The ultimate goal is to build a provisioning system for a DMVPN solution we
have


We use DMVPN in combination with GETVPN (aka GDOI) over Internet links to
provide branch and customer (extranet) connectivity.  The DMVPN solution for
branch connectivity uses dynamic spoke-to-spoke tunneling, and GETVPN is
used so that there is no lag in the dynamic tunnel setup, as there is then
no IKE and IPSec negotiation between spoke routers when they build direct
spok-to-spoke tunnels.

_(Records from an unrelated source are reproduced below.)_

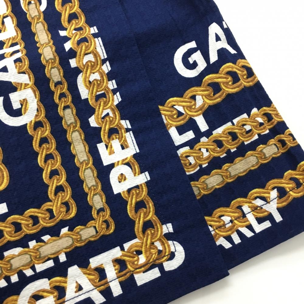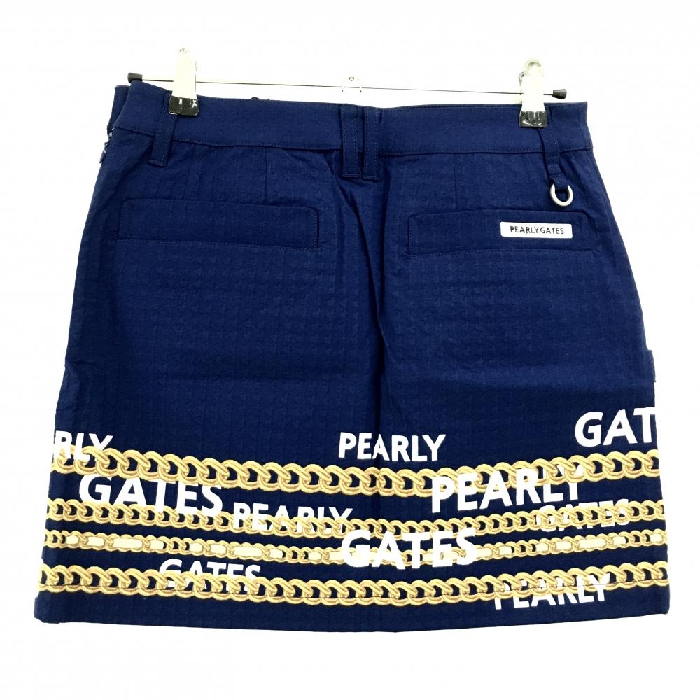 【新品】パーリーゲイツ スカート ネイビー×ゴールド チェーン柄 凸凹生地 サイドファスナー レディース 1(M) ゴルフウェア PEARLY GATES
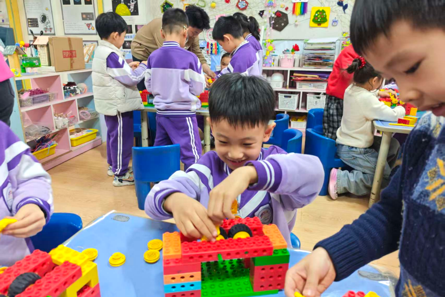 当孩子们遇到积木拼接不牢固、齿轮无法啮合的问题时,我们没有直接给出答案,而是通过趣味提问引导他们自主思考,同时鼓励他们和小伙伴交流探讨、反复尝试。他们个个热情高涨,有的围坐研讨思路,有的分工协作互帮互助,在亲手操作中感知结构的稳定性,在攻克难题中锻炼逻辑思维。当一个个造型各异的“大力挤压机”顺利运转时,孩子们的脸上满是成就感,举着作品向我们展示,教室里也满是欢声笑语。
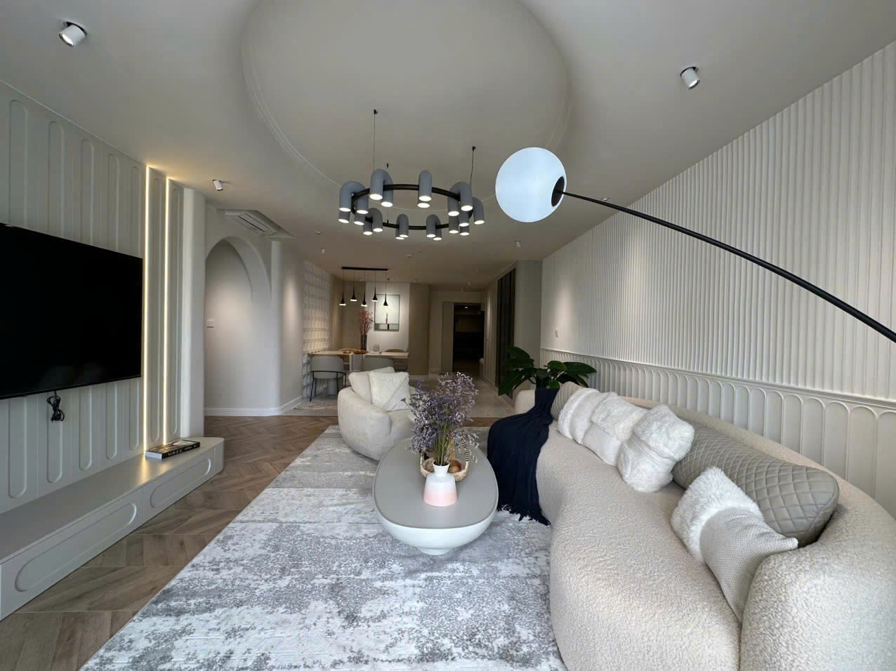 The unit is designed in a modern and sophisticated style, featuring neutral tones that enhance brightness and create a refined atmosphere. The large living room is seamlessly connected to the dining area and fully equipped kitchen, providing an open and welcoming space for everyday living and entertaining.
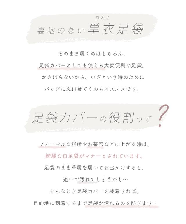 足袋を汚れから守る足袋カバーとしても使用できるので、1足あると大変重宝します。

We're also using Front-Door VRF on the routers, so
the Internet interface is in an FVRF and the tunnel(s) are configured to use
the FVRF for NHRP resolution (tunnel vrf <vrf-name>).  We have an ACL
applied inbound and another ACL applied outbound.

In order for each spoke router to build dynamic tunnel to another spoke, ESP
must be permitted inbound in the inbound ACL applied to the Internet
interface.  Due to the dictates of our internal infosec people, the ACL,
must explicitly permit EACH spoke router's public IP, rather than a nice,
easy "permit esp any any "


the effect of this is that each time we add a new branch office router, we
must update the ACL and deploy it to all the branch routers.  In addition,
we must add IKE key entries (using PSK IKE keys on the GETVPN keyservers),
and add routing neighbors to the headends routing (using eBGP for routing
exchange through the tunnel).

The net effect is that the addition of 1 router to the group triggers a few
different small config changes to the keyservers, a few routing neighbor
additions, and an ACL deployment to all existing branch routers.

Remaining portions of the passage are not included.